Others have answered that when the hot and cold gases are in contact, they redistribute their energies very fast, so you won't be able to feel their temperatures separately, but only as a temperature of the mixture. But how fast? Would we feel anything, in the very short time even before the gases have redistributed their energies?
To answer that, we need to understand how fast this heating/cooling happens, compared to this redistribution of energies. Let's look at some numbers.
You need $800-1000^\circ\:C$ to cremate a human body. But you cannot go higher than $1530^\circ\:C$, since nitrogen in the air could ignite. Consider a box of volume 2 m^3 separated by an adiabatic partition. On one side of the partition, we heat the air to 1000 C, and on the other side, we cool the air to 0 C. Let the partition be removed at t=0.
First, let's get an idea of how much time it takes for the hot air to diffuse to the cold air side. Would it be slow, like smoke entering a room, or would it be instantaneous, like an explosion?

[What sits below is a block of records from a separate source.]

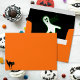 Create your own custom, personalised, fun, creepy spooky black cat, cute scary ghost, black flying witch on broom halloween orange black and white, family name return address, smooth, classic, matte, birthday / costume / office party invitation / wedding invitation / greeting card / mail envelopes. Simply enter your name / family name / company name, and address. Perfect for both, home and business, adults and kids, personal and official mailings. Great return address envelopes for mailings for scary spooky zombie haunted halloween theme birthday party, costume party, office party, wedding, baby shower, and more.
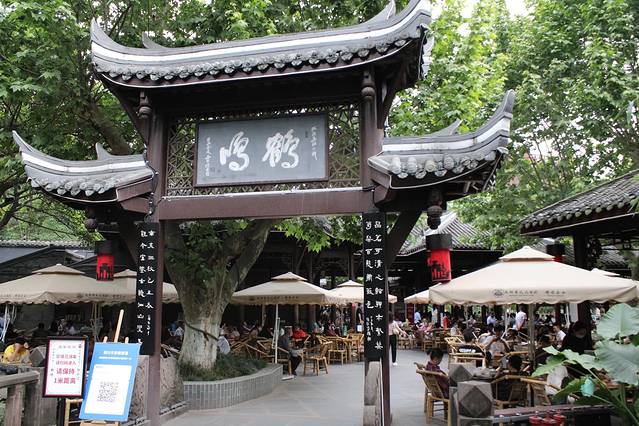 1923年的时候,有一位来自大邑县的龚姓商人到少城公园(现人民公园)踏青。看到公园里溪水环绕,绿树成荫,便起了念头想在这里修建一座亭式厅堂建筑,用以品茗休憩。相传这位龚姓商人起了念头之后,当晚就梦到此处紫光缠绕,一方池塘中伫立着几只白鹤嬉戏,引颈长鸣。“鹤鸣”二字横额为书法家王家桢1940年手书。1952年维修公元被拆除。1988年6月在邀王家桢先生重题。
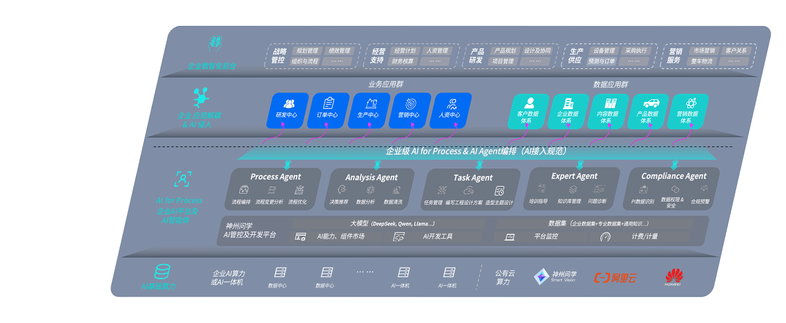 端到端的一站式AI工作空间深度融合了从企业战略规划到日常经营的全流程业务板块,,定向解决车企内部领域多、、、部门多、、链条长、、、、场景碎片化等难题,,,支持车企快速构建以AI为核心的生产力写作体系,,实现任务执行与AI能力的无缝集成与交互
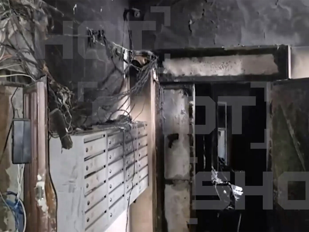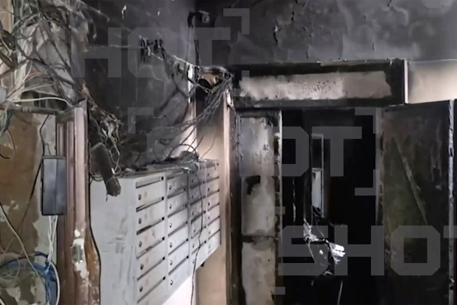 На кадрах с места заметно, что квартира выгорела, часть предметов тоже. Также последствия пожара заметны на проводке около входной двери и почтовых ящиков, которые находятся около жилья.
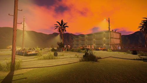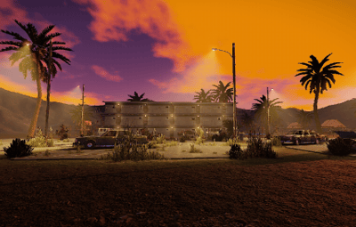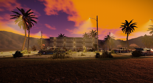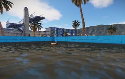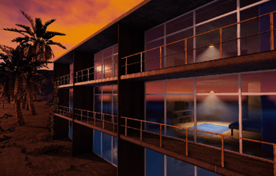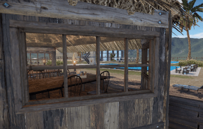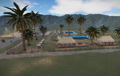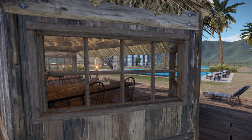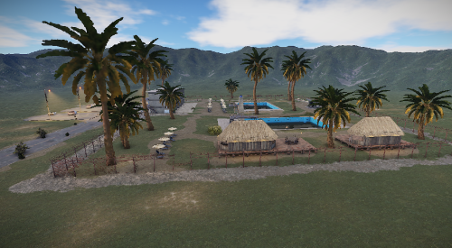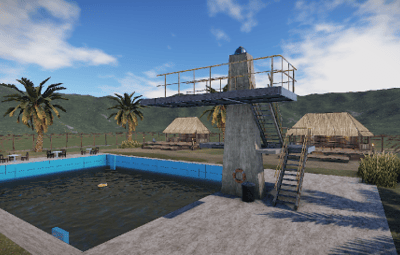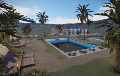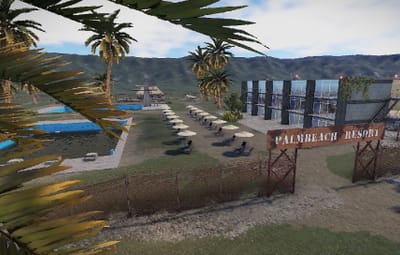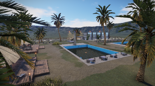 The Palm Beach Resort is a replica of the seventies. Two pools with diving board. On the side are two bars and a food counter opposite.

For an air parcel sitting in the hot compartment, the momentum equation is given by:
$$\rho\dfrac{du}{dt}=\dfrac{dP}{dx}$$
where $\rho $ is the density of air, $u$ is horizontal velocity, $P$ is the pressure.
Here only the pressure gradient force is written on the RHS since all other terms are negligible. For air, ideal gas law $PV=nRT$, $\rho=\:1 kg/m^3$, assuming one mole of gas and unit volume, we obtain:
\begin{align*}
\dfrac{du}{dt}&=\dfrac{1}{\rho}\dfrac{dP}{dx}\\
&=\dfrac{1}{\rho}\dfrac{P_1-P_2}{dx}\\
&=\dfrac{1}{\rho}nR\dfrac{T_1-T_2}{V\:dx}\\
&=\dfrac{1}{1\:kg\:m^{-3}}1\:(mol)\:8.314\:(J\:mol^{-1}\:K^{-1})\dfrac{1000\:K}{1\:(m^3)\:1\:(m)}\\
&=\:8314 ms^{-2}
\end{align*}
With this, the time the parcel takes to reach the other end of the 2m box starting from rest is $\bf{\sqrt{2*2\:(m)/8314\:(m/s^2)}=0.02\:seconds}$. That's more like an explosion. For reference, the blink of an eye takes 0.1 seconds.
Assuming that the order of magnitude of the mixing of energies and this spatial mixing is the same, the time scale of mixing is one-hundredth of a second.
Now, how much energy does it take for the $1000^\circ\: C$ air to warm your body by 1 degree?
\begin{align*}
Q&=mc\Delta T\\
&=70\:(kg)\:4186\:(Jkg^{-1}K^{-1}) 1\:(K)\\
&\approx 300\:kJ
\end{align*}
The equation for convective heat transfer is given by:
\begin{align*}
\dot{Q}&=hA\Delta T\\
&\approx 20\:(W/m^2K)\:2\:(m^2)\:1000\:(K)\\
&\approx 40\:kW
\end{align*}
Time it takes to heat the human by $\bf{1^\circ C=300/40\:s=7.5\:seconds}$
It takes $7.5$ seconds for the air to heat the body by just 1 degree, but just $0.02$ seconds for the air from the bottom compartment to reach the other side of the box. So forget about heating $1000^\circ\:C$, the mixing is at least 2 orders of magnitude faster.
The minimum temperature difference sensible for humans is 0.05 K. Plugging in this instead of 1 in the equation gives 0.38 seconds of exposure, but still mixing would have happened much before that.
TLDR: No, you won't get burned. You won't even feel the temperature change. You won't feel hot and cold gases separately, but only the temperature of the mixed gas.
Assumptions: Here only the thermal effects are considered. Effects like mutation happening to DNA due to molecules banging on it are neglected. The human body is at 37 degrees Celsius. m is the mass of the body, c is the specific heat capacity of the body, h is the convective heat transfer coefficient of the surrounding fluid and A is the surface area of the body. For an average human, $m=70\:kg$ and surface area is $\approx 2m^2$, $c=4186\:kJkg^{-1}K^{-1}$ since body is mostly water. $h$ for air is $5-40\:W/m^2 K$, lets assume $20\:W/m^2 K$. Since $T_{surrounding}>>\Delta T_{body}$, the heat transfer is assumed to be linear.